June 20, 2014

Learning About the Higgs

One of my favorite things about Data Science is the opportunities it provides to learn new things. When I work on a problem, I like having the domain knowledge needed to understand the data, create new features, and identify unexpected insights. Diving into a new topic makes the whole experience much more exciting and rewarding when the results are useful.

So, when I learned about the Kaggle Higgs Boson Machine Learning Challenge, I nearly leaped out of my chair with excitement. I’ve always been a physics geek and eagerly watch shows on Quantum Physics, Relativity, etc. But I’ve never had a reason to learn about these topics in greater depth. Not only does the Kaggle challenge provide a compelling motivation, I also get to play with data!

I started with the technical documentation provided by the challenge’s sponsors from the Atlas project. I studied the paper during a two hour flight to Chicago and managed to get a rough understanding of the Higgs decay channels involved in the challenge.

Next, I found this series of Introduction to Particle Physics YouTube videos by Professor Frank Close that really helped improve my understanding. During a recent trip to the book store, I picked up a copy of Brian R. Martin’s book, Particle Physics: A Beginners Guide. It is well written and goes into more depth on relevant topics. I’m now at a point that I feel comfortable with the data’s features and ready to explore them.

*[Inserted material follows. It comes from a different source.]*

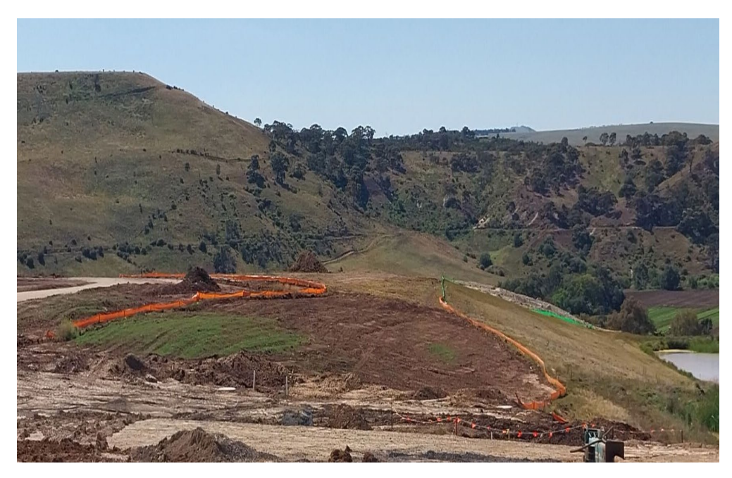
Figure 5 – Silt fencing for sediment control

Some might ask if all this learning is necessary. An ensemble of models could perhaps find the key predictive relationships without requiring domain knowledge. But I have concerns about this “kitchen sink” approach to Data Science. I think human creativity is still necessary to the data science process to uncover truly new and valuable insights from data and this, in turn, requires some domain knowledge.

Regardless, my love of learning new things will always motivate me to obtain a degree of domain knowledge while working on data science projects. Only time will tell if this increases or decreases my productivity and effectiveness. Either way, I’m sure I’ll have fun.

Tags:  Kaggle , DataScience